# Jobs That Bite



## Trickyroo

Anyone watching the new show on NatGeo Wild , Jobs That Bite ?
Looks like a good show , but there is no replacement for Mike Rowe !
I miss him lots


----------



## awshucksgoatfarmvt

Gave up watching tv last year.................never realized there are so many other things for me to do.............don't wish to get fat again!!!! Since then have lost 60 lb ..........hop replacement did help too
Feel better, walk more for an ole ladly


----------



## Trickyroo

Hats off to ya  I can either watch AM news or late PM reruns , lol
But I am getting in early to see this show


----------



## TGSAdmin

I'll check it out. I loved Dirty Jobs.

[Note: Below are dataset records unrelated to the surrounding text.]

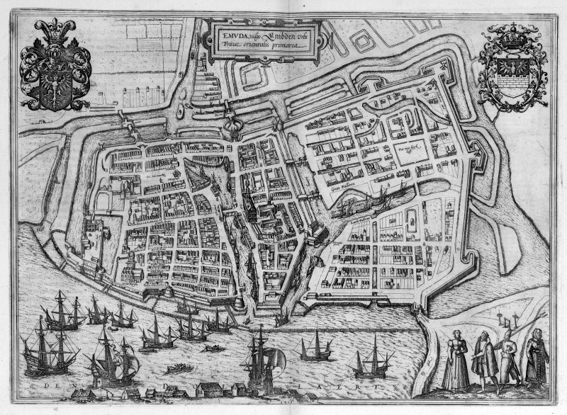 "Embdena, Embden urbs Frisiæ orientalis Primaria", 1575, Georg Braun und Frans Hogenberg. Kartensammlung der Gottfried Wilhelm Leibniz Bibliothek, URL: https://kartenspeicher.gbv.de/item/gwlb_mods_00010983. Lizenz: Public Domain.
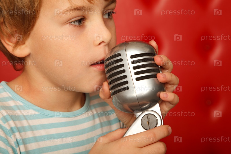 Маленький мальчик с микрофоном на фоне красной стены
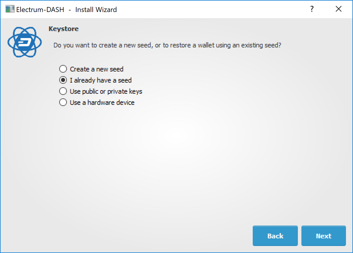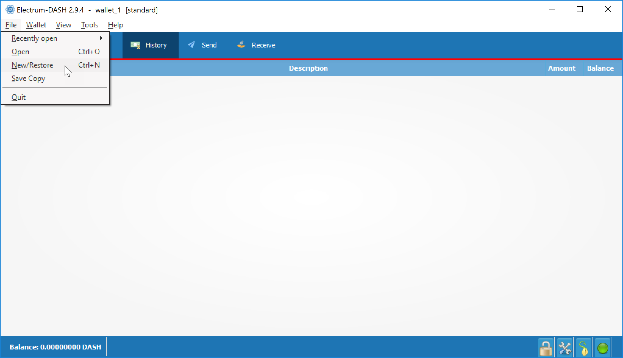 Dash Electrum should now detect your Dash iOS balance and you should have complete access to your funds. The seed phrase won’t be available in Dash Electrum , so you will just need to follow the steps above again if you want to restore this wallet from the recovery phrase again. It is recommended to send your funds to a new Dash Electrum wallet instead and follow standard backup procedures.

I think making those jobs more accessible is key to keeping people in them.


----------



## nchen7

I LOVED dirty jobs! so much so my bf thought I had a crush on Mike Rowe (not really, but he was a very funny guy).

we don't have cable.....so, I probably wont' be watching it.


----------



## Scottyhorse

We watch it. No replacement for Dirty Jobs and Mike Rowe, but still a good show


----------



## Chopsgoats

No replacement for mike Rowe but I was flicking around and saw the new guy trying to catch fainting goats so he can trim hooves. Really funny to watch. Kinda lucky they were fainting goats because a couple of mine he'd have no chance of catching


----------